Housing Finance Interest rates may not fall

rbiBy Accommodation Times News Services

RBI in its regular exercise to control the economy have reduced Repo Rates. 

On the basis of an assessment of the current and evolving macroeconomic situation, it has been decided to:

  • reduce the policy repo rate under the liquidity adjustment facility (LAF) by 50 basis points from 7.25 per cent to 6.75 per cent with immediate effect;
  • keep the cash reserve ratio (CRR) of scheduled banks unchanged at 4.0 per cent of net demand and time liability (NDTL);
  • continue to provide liquidity under overnight repos at 0.25 per cent of bank-wise NDTL at the LAF repo rate and liquidity under 14-day term repos as well as longer term repos of up to 0.75 per cent of NDTL of the banking system through auctions; and
  • continue with daily variable rate repos and reverse repos to smooth liquidity.

Consequently, the reverse repo rate under the LAF stands adjusted to 5.75 per cent, and the marginal standing facility (MSF) rate and the Bank Rate to 7.75 per cent.
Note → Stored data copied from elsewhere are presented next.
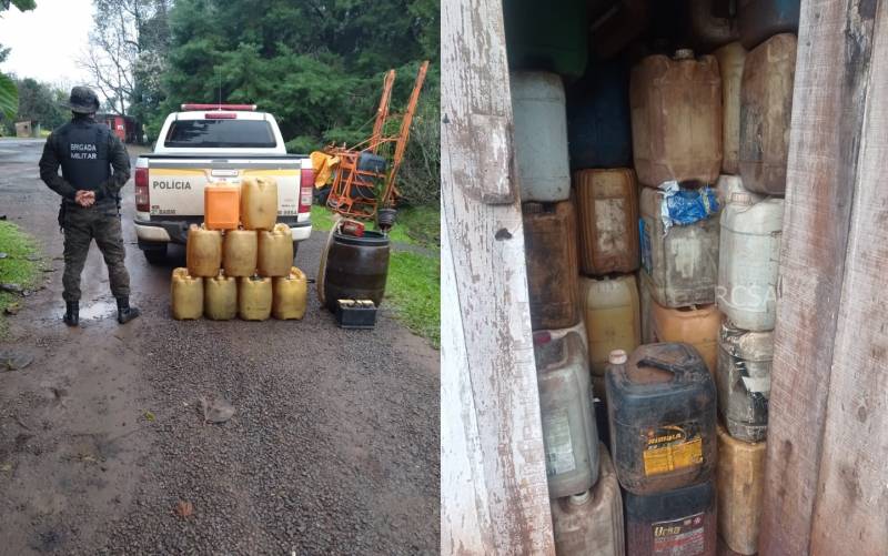 Nesta quinta-feira, 23, uma guarnição do Pelotão Ambiental de Santo Ângelo, realizaram averiguações de denuncia de depósito e comércialização ilegal de combustivel, onde às margens da BR 285, em estabelecimentos, localizados na Esquina Mousquer em Entre Ijuis e na Esquina Rolim de Moura em Vitória das Missões, foram localizados vários recipientes de 20 litros cheios com óleo diesel e também outros vazios, bomba de sucção, bateria automotiva e demais petrechos para a comercialização de combustivel.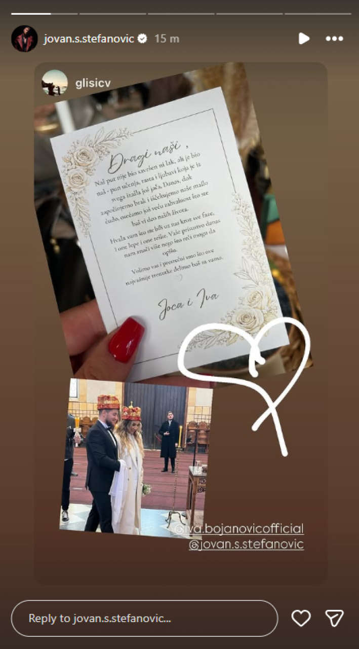 Pevač Jovan Joca Stefanović i njegova partnerka Iva Bojanović krunisali su svoju ljubav crkvenim venčanjem. Svečana ceremonija održana je u krugu najuže porodice i prijatelja, a atmosfera je bila ispunjena radošću, s obzirom na to da par očekuje i svoje prvo zajedničko dete.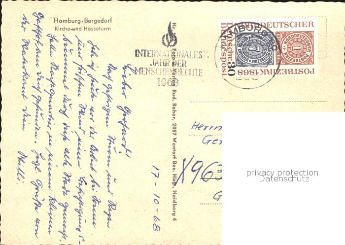 72455223 alte Postkarte HAMBURG CITY Bergedorf Kirche Hasseturm postalisch gelaufen Erhaltung siehe scans KatCode: 11110002000000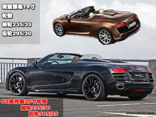 由Sport-Wheel出品的這款改裝版奧迪R8 Spyder在全車外形上并沒有做太大改動(dòng),主要著眼于動(dòng)力的提升。不過為了配合超強(qiáng)的動(dòng)力,他們選裝了傳奇品牌OZ制造的Ultraleggera HTL系列輪胎。這是一套20寸的運(yùn)動(dòng)輪轂,采用前輪235/30-20后輪305/25-20的配比,在安全性上較官方版更勝一籌,價(jià)值40000元。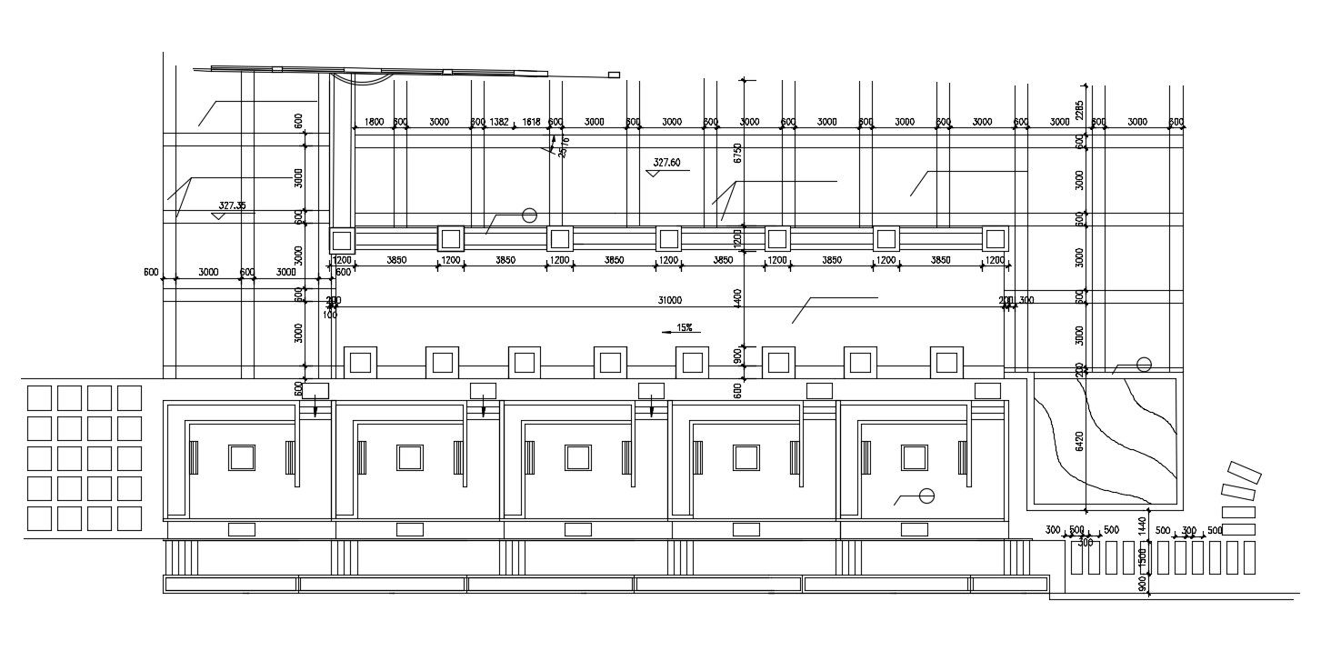2d CAD drawing details of garden area sitting design plan that shows planter pots details along with sitting bench unit, walkway path, dimension set, and various other units details download file for free.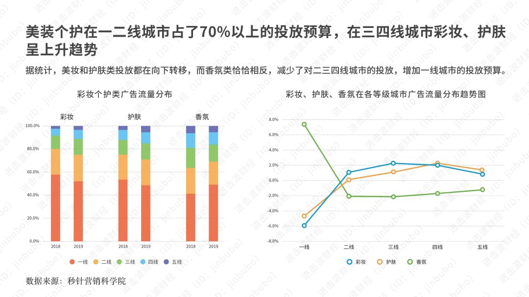 根据秒针营销科学院数据,下沉市场的投放体现出了集体性的上升,但是一二线依然占了70%的投放预算,唯独香氛类产品减少了对下沉市场的投放。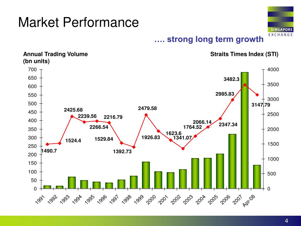 Market Performance …. strong long term growth Annual Trading Volume (bn units) Straits Times Index (STI)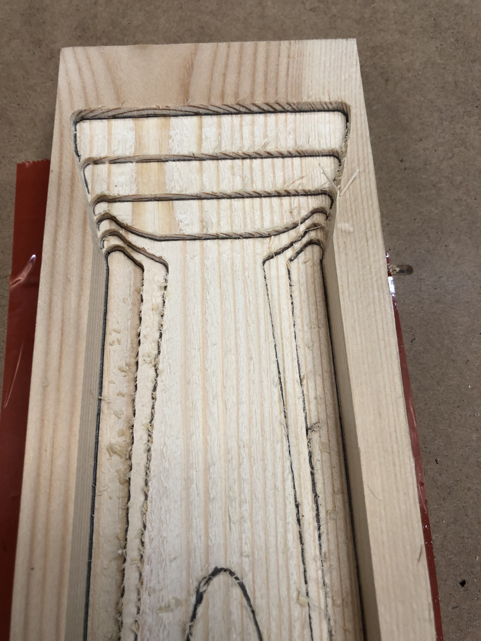Last week I bonded the three 13mm x 3mm carbon fibre reinforcements into the necks using West System epoxy. Today I machined my first 3D modelled necks and it was actually considerably more straight forward than I had anticipated. Cross sections and their paths were drawn in Adobe Illustrator and then imported into Rhino. The surfaces were then lofted and the model imported into Vectric VCarve Pro which then created a roughing path and a finish path along with a registration line and a mask cut out for the vacuum bed of the CNC router. There are a few small anomalies in the machining at the sides of the volute but nothing that can’t be fettled by hand. Overall I think it worked pretty well. I ran a test section in softwood before committing one of the ‘real’ necks.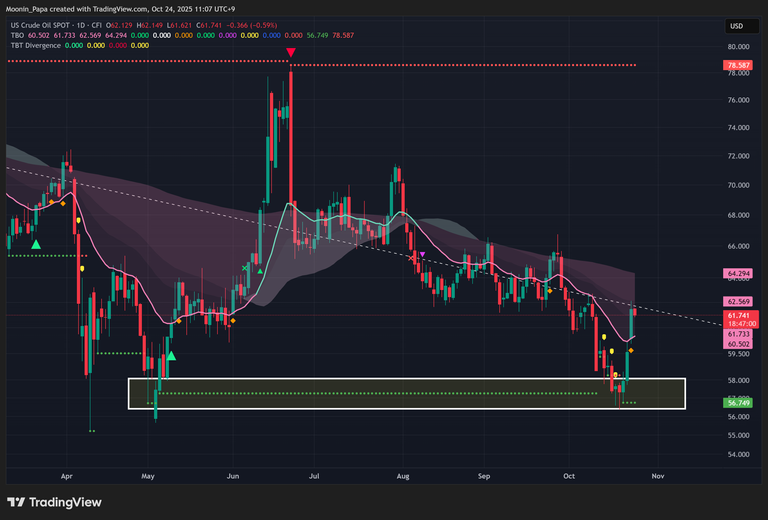 WTI crude oil rose over 8% in two days, printing a daily TBO close short after Western sanctions on major Russian suppliers Rosneft and Lukoil. Gold extended its advance to 0.65%, holding above the daily TBO Cloud despite an RSI decline to 50; a drop into the cloud would herald bearish consolidation. Silver continues to trade sideways following Tuesday’s sell-off.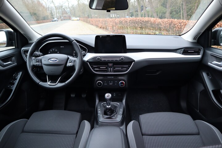 Met de achteruitrijcamera ziet u precies wat er achter de auto gebeurt. Intelligente spraakbediening herkent uw commando's en voert opdrachten snel en soepel uit. Deze Ford Focus Wagon is voorzien van remote services. Via uw smartphone bedient u diverse functies ook op afstand en krijgt u informatie over de status van uw auto. Kaartlezen is verleden tijd, dankzij het aanwezige full map navigatiesysteem. Bij het wisselen van rijbaan kan een dode hoek ontstaan waardoor achterliggers te dichtbij kunnen komen. De achteropkomend verkeer waarschuwing geeft in dat geval automatisch een signaal. Deze Ford is voorzien van cruise control, airconditioning, lederen stuur, centrale deurvergrendeling met afstandsbediening, bagage afdekhoes en boordcomputer.

However, housing Finance companies and NBFC engaged in the housing finance business may not reduce it since it is indicative and not an mandate by RBI. In the past when in spite of RBI warning banks and NBFI to reduce interest on home loans, housing financier institutes have been keep it high to make greater profits. Though the Apex bank have relaxed Repo Rates on which banks can borrow from RBI, Banks are rich in funds and own funds and now ECB, can sustain at current level of Housing Finance interest. It is indirectly cartel to not to reduce housing finance interest.

Real Estate Industry though celebrating RBI move, in practice, the advantage may not be passed on to borrowers or even if it is passed , it will be negligible reduction in EMI. Or they will use it for phonic offers, may be for first two to three years for new clients only.